● WHAT THIS TASK INVOLVES
Below are entries with pictures among them; reproduce exactly, and only, the lines from the one containing "原材料 | 小麦粉(小麦(北海道))、砂糖(含蜜糖)有機パーム油、レモン(愛媛県大三島)、なたね油(菜種(国産))、食塩(沖縄)" down to the one containing "4月1日,在长沙岳麓山穿石坡湖附近,消防救援人员在进行孤岛救援演练。", without the pictures.

● INPUT RECORDS
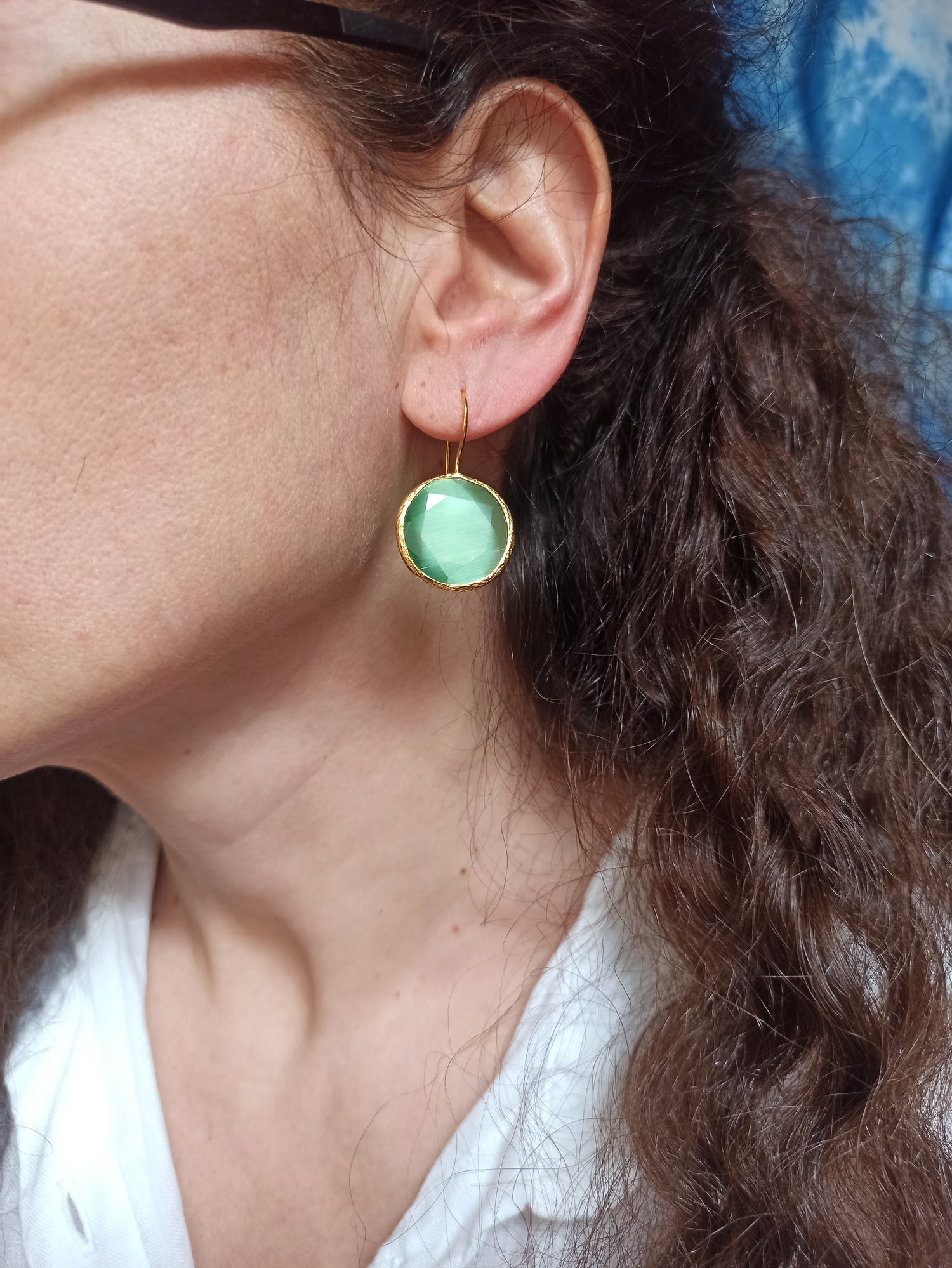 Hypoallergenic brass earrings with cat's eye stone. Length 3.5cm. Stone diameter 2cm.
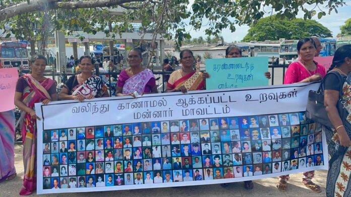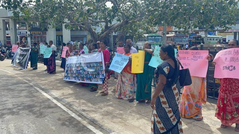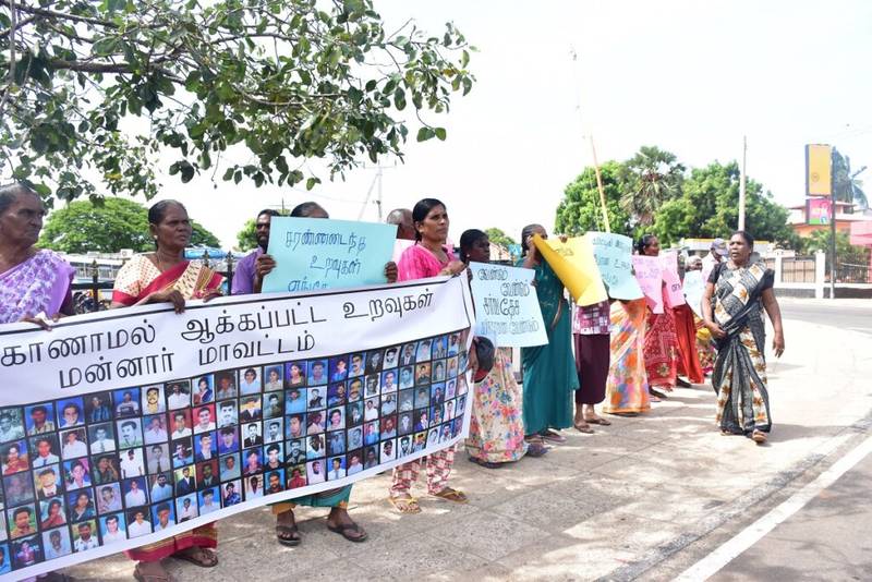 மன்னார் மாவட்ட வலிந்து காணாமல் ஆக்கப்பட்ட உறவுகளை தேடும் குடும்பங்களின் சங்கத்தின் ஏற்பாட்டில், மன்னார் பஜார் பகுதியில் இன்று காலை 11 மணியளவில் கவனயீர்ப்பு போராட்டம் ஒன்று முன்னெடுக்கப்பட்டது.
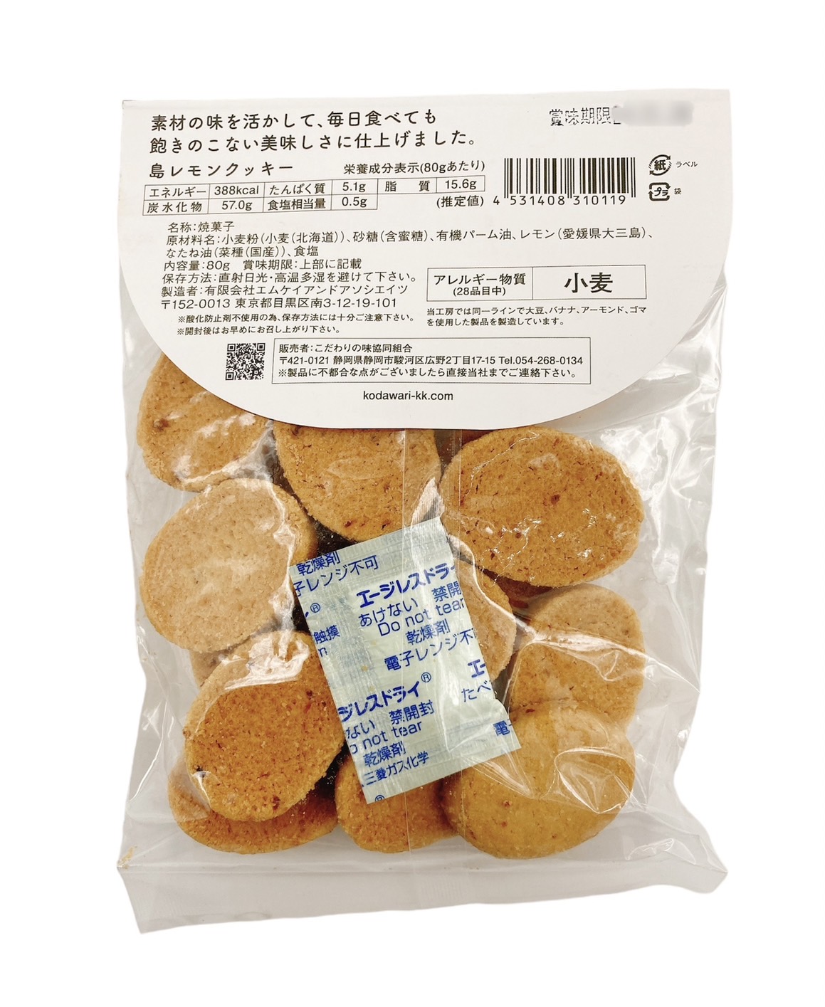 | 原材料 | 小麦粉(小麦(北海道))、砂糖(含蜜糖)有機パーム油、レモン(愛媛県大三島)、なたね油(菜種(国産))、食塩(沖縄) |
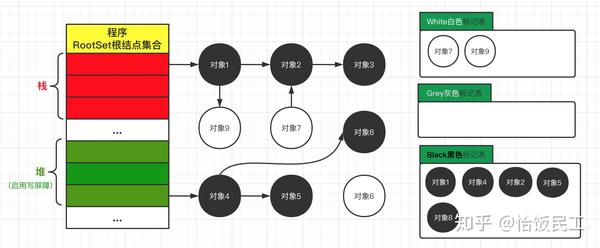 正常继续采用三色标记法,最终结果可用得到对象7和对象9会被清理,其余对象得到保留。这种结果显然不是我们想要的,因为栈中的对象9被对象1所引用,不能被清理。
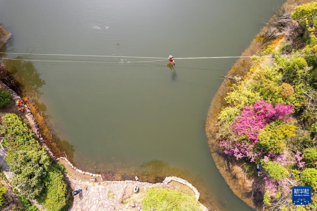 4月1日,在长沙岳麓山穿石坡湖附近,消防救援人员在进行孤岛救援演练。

==

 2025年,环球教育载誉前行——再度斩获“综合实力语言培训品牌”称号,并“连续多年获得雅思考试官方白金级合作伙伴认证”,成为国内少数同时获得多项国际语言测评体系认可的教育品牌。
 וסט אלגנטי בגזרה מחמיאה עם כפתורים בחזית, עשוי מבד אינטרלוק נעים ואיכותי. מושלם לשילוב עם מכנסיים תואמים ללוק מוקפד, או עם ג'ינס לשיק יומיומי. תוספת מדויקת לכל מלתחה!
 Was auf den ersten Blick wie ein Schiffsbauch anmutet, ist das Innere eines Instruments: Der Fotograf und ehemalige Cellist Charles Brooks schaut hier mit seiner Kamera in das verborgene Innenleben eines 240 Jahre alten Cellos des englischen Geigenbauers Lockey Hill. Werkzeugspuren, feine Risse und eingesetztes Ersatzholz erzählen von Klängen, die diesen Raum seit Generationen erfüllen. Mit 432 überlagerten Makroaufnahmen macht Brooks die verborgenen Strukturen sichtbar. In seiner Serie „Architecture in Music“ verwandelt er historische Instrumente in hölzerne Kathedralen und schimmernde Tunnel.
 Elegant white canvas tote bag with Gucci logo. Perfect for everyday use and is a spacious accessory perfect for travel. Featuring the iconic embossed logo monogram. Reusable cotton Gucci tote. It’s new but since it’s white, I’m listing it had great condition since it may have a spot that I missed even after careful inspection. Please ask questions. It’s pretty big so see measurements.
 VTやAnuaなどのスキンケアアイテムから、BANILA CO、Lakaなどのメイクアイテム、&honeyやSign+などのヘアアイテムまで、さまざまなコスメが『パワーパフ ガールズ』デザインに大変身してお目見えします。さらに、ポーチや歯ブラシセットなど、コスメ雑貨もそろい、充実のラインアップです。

● EXERCISE SOLUTION
 | 原材料 | 小麦粉(小麦(北海道))、砂糖(含蜜糖)有機パーム油、レモン(愛媛県大三島)、なたね油(菜種(国産))、食塩(沖縄) |
 正常继续采用三色标记法,最终结果可用得到对象7和对象9会被清理,其余对象得到保留。这种结果显然不是我们想要的,因为栈中的对象9被对象1所引用,不能被清理。
 4月1日,在长沙岳麓山穿石坡湖附近,消防救援人员在进行孤岛救援演练。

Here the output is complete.